Actually, they can be quite a bit safer. If they're small enough the NSA might not have any existing targets on them, which means they won't have tried to find a way to intercept their traffic yet. They could just do SSL traffic inspection, but it's too costly (and practically impossible) to do that everywhere, so they have to do it on specific target networks, which involves a lot of work to get the thing in the right place on the network.
It would be a huge pain in the ass to cover all the smaller providers.
One thing the leaks have reveal is that the NSA invested significant effort in compromising/backdooring hardware. Now if I were intent on compromising hardware to increase my reach, my prime targets are going to be the makers of routing & switching hardware.
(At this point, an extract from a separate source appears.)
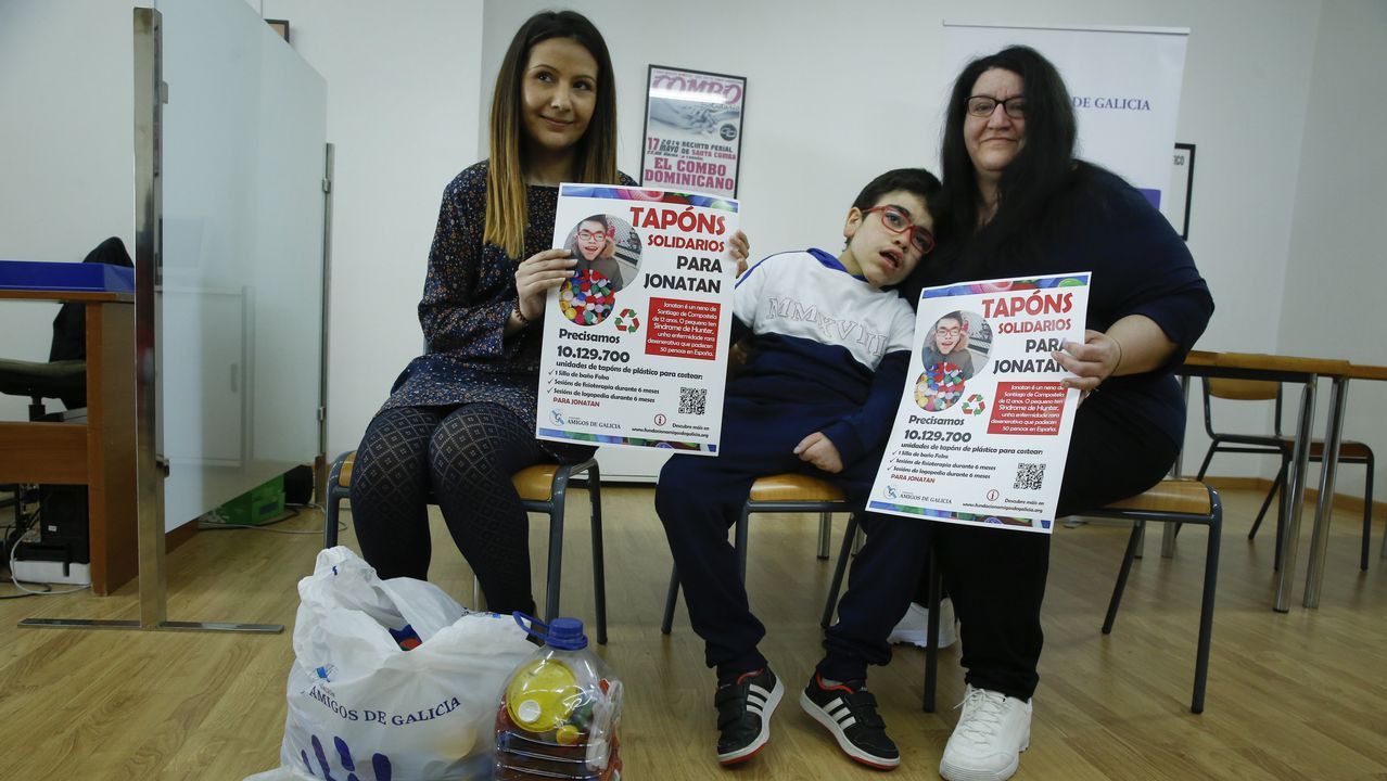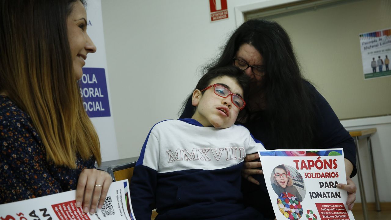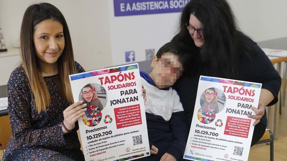 Así lo indicaron Noelia Romero, trabajadora social de la Fundación Amigos de Galicia, y Sonia Deop, la madre de Jonatan. Jonatan recibe tratamiento en el Hospital Clínico, del que la familia está satisfecha, para ralentizar el efecto de la enfermedad. Su madre indicó que esperan con expectativa que pueda llegar a aplicarse una terapia génica, probada con éxito en animales pero que aún no se utiliza en personas, y que se prevé mejorará su situación.Reunir 10.129.700 unidades de tapones: ese es el objetivo de una campaña solidaria promovida por la Fundación Amigos de Galicia y la familia de Jonatan Viver, un menor compostelano, de 12 años, que padece síndrome de Hunter, una enfermedad rara. Con la recaudación obtenida por los 14.471 kilos de plástico, destinados al reciclaje, se cubrirán seis meses de atención de logopedia y fisioterapia y se comprará una silla de ruedas para el baño. De ese modo mejorará su calidad de vida.

Someone like Cisco perhaps.
Do you have any idea how many such hardware blackboxes lie between any two locations on the net? All that would be needed is a single vulnerable/backdoored one in that path, configure it to DNAT & SNAT through your MITM host ..
I highly doubt there're very many places out of that reach. Especially not smaller providers.
When you start going down that line of reasoning, virtually every chip in every computer in the world "could" be backdoored. Again, the costs and technical challenges of doing this wholesale across a long line of products across many hardware vendors is practically impossible. I'd be more worried using Huawei gear, anyway.
At this point I might just feel more secure running Huawei gear (as I type this at home on a Lenovo Thinkpad connected to an Aerohive access point plugged into a Cisco ASA firewall).
It would be a huge pain in the ass to cover all the smaller providers.